2012-10-15 Thread Cedric Blancher
On 12 September 2012 20:04, Glenn Fowler g...@research.att.com wrote:

 On Wed, 12 Sep 2012 19:36:50 +0200 Cedric Blancher wrote:
 On 12 September 2012 19:25, Glenn Fowler g...@research.att.com wrote:
 
  I changed the posting to just ast-developers
  it would be good for all to not cross-post identical messages to { 
  ast-users ast-developers }

 Do the lists work again? I've been posting to ast-users and
 ast-developers because it's both user and developer concern, and the
 damn f*king mailman was broken for ast-developers.

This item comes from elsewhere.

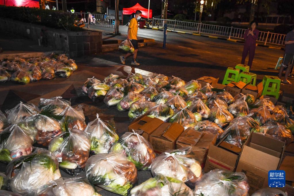 9月7日晚,在贵阳市云岩区一居民小区,保供企业员工在给市民配送基本生活物品。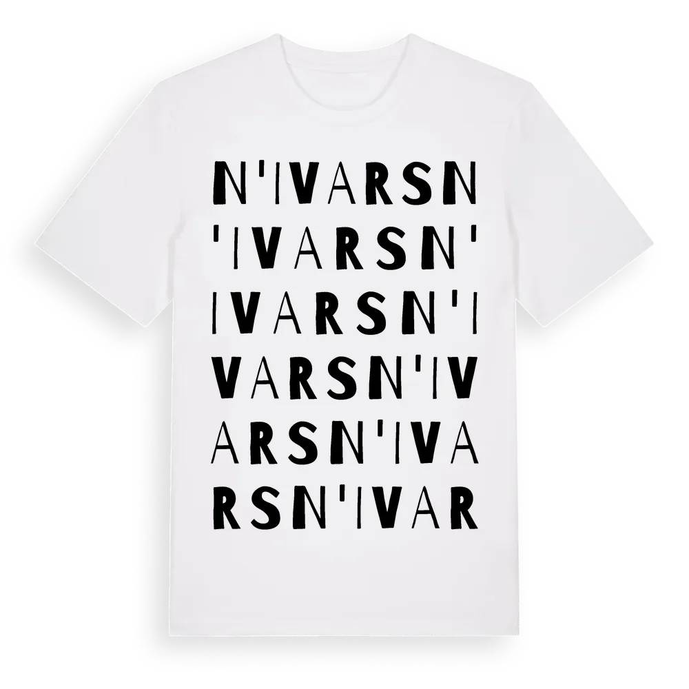 N'ivars ordlek t-shirt är inspirerad av N'ivars i Jämtlands län, Sverige. Tröjan är designad för dig som har en speciell koppling till platsen – oavsett om du bor här, har rötterna här eller bara älskar N'ivars.

 there has been some tweaking on the mailman and spamassassin fronts
 plans are to shortly move the ast-* and uwin-* lists to an external server
 which will insulate the lists from internal spam warfare/fallout

  On Wed, 12 Sep 2012 19:14:00 +0200 Cedric Blancher wrote:
  Here's another (likely contentious) issue:
  Can we document the extra EUC regex character classes, which are for
  example present in almost all Unix Japanese locales (e.g. jspace,
  jhira, jkata, jkanjim jdigit, while EUC AFAIK defines more), in
  ksh93(1)?
 
  ast regex [[:NAME:]] uses wctype(3) and iswctype(3) to support all
  functions supported by the current locale, and this winds its way
  to all ast regex and ksh pattern matching and globbing

 I know. The shame is: Not documented.

 aha
 well I plan to update (or in some cases instantiate) documentation
 along with the ongoining no-globals/thread-safe/sized-buffer sweep
 of libast and a related libraries

 
  rather than document all possible NAMEs for all possible locales,
  possibly in multiple places (regex(ast), typeset(ksh), etc.),
  can we reference documentation that describes the concept and how
  a user could determine the available functions for a specific locale?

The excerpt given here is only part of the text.